What is being asked.
From the material below, retype exactly the lines that begin at the line with "светодиодная диммируемая LAROA" and end after the line with "عنوان تقاضا : شکست"; pictures stay out of the copy.

Extracted records.
+===+

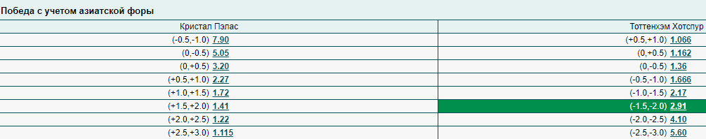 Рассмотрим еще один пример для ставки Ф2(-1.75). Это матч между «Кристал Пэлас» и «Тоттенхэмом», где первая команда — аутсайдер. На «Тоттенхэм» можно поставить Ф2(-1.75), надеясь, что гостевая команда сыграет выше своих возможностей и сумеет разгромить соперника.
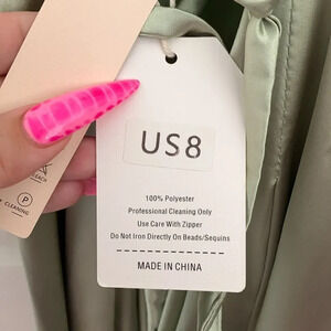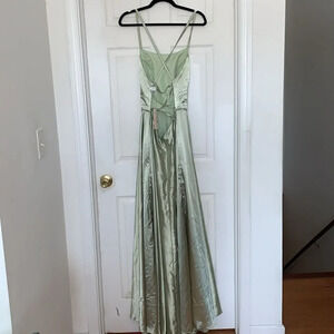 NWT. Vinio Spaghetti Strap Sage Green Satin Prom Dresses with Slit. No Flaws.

+===+

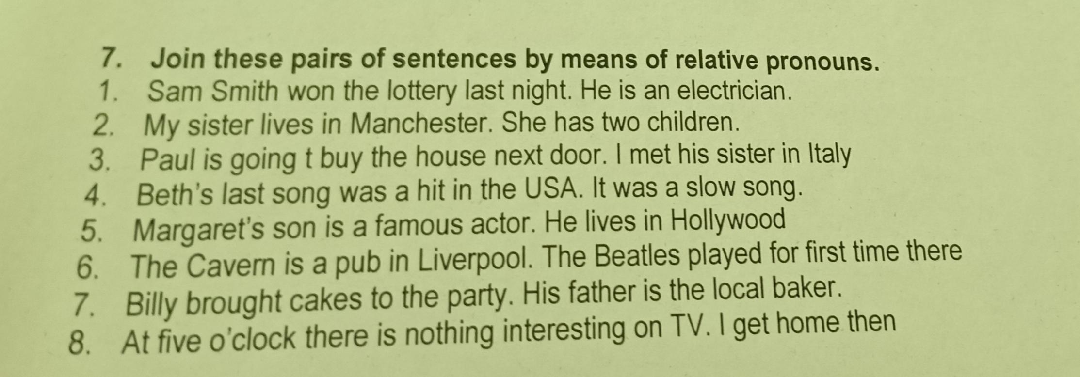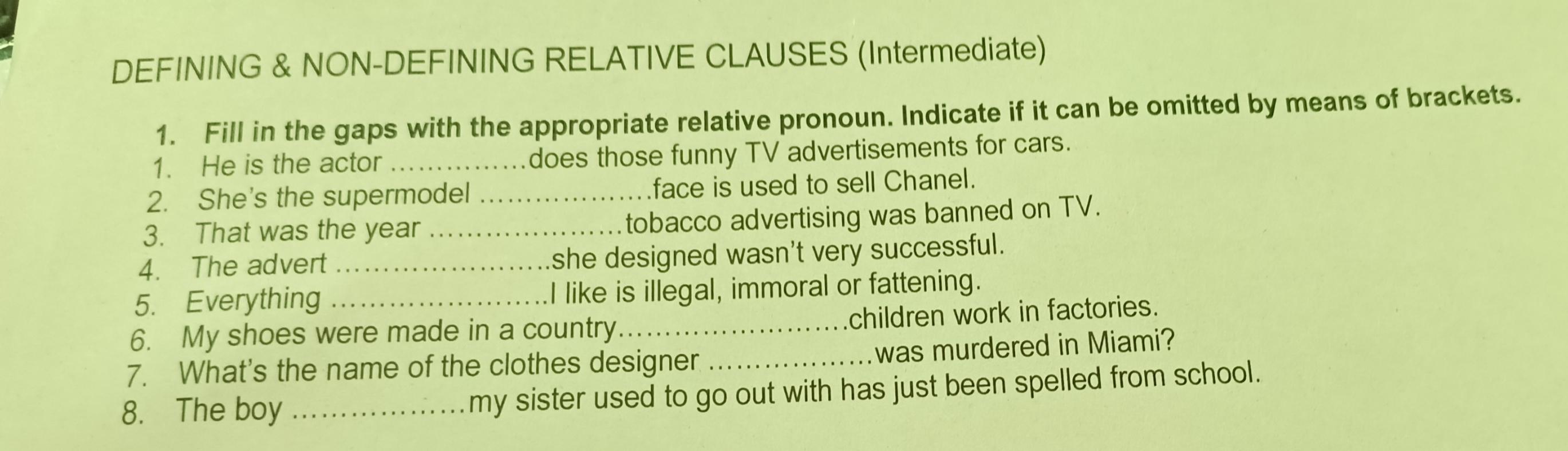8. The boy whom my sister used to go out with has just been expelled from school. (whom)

+===+

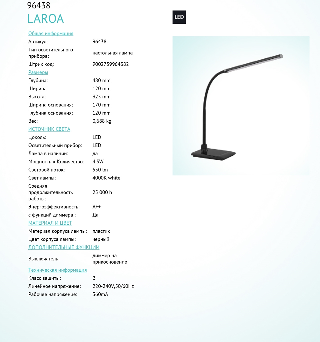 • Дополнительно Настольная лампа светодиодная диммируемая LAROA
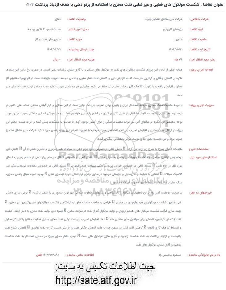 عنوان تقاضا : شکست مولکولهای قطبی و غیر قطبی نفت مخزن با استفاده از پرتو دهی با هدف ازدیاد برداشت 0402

+===+

Solution to the problem.
 • Дополнительно Настольная лампа светодиодная диммируемая LAROA
 عنوان تقاضا : شکست مولکولهای قطبی و غیر قطبی نفت مخزن با استفاده از پرتو دهی با هدف ازدیاد برداشت 0402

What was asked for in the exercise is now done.